*What the exercise asks*
Your copy runs from the line containing "The Edit Field" through the last line of the listing, both included. Restate those lines word for word and leave out pictures.

*Material provided*
______________________________

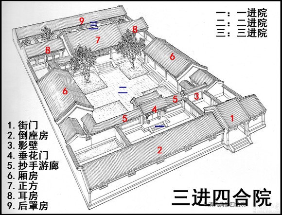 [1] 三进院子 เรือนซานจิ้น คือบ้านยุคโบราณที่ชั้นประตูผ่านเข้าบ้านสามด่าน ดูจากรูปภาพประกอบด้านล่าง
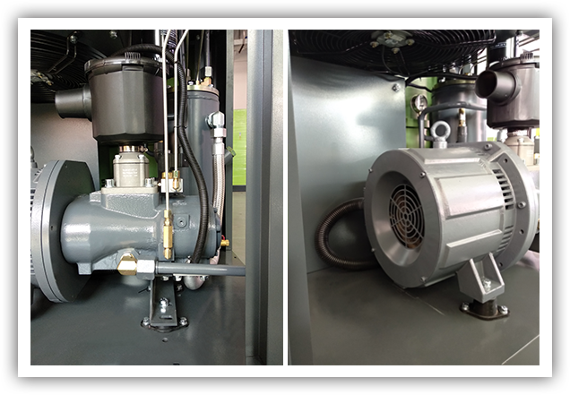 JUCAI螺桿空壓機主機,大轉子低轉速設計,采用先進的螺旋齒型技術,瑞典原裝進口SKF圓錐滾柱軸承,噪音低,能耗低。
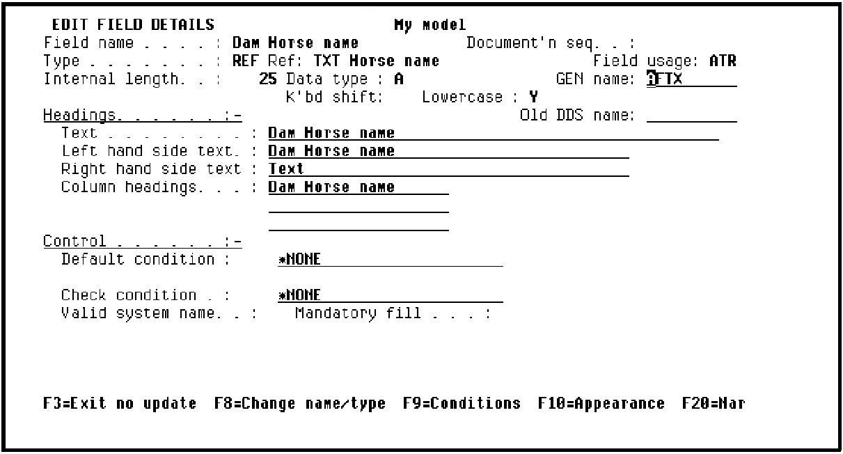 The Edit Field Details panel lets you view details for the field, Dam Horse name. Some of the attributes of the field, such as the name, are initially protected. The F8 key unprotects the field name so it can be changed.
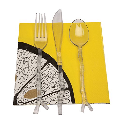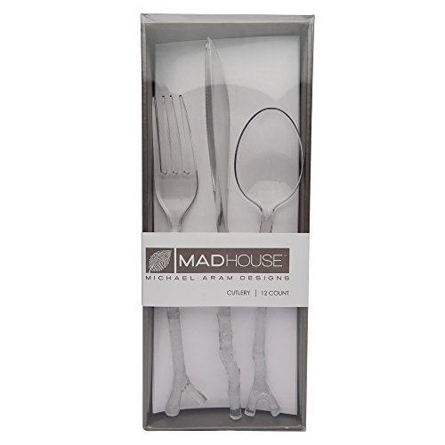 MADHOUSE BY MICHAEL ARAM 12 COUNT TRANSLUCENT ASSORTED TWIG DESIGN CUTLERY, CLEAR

______________________________

*Reply to the exercise*
 The Edit Field Details panel lets you view details for the field, Dam Horse name. Some of the attributes of the field, such as the name, are initially protected. The F8 key unprotects the field name so it can be changed.
 MADHOUSE BY MICHAEL ARAM 12 COUNT TRANSLUCENT ASSORTED TWIG DESIGN CUTLERY, CLEAR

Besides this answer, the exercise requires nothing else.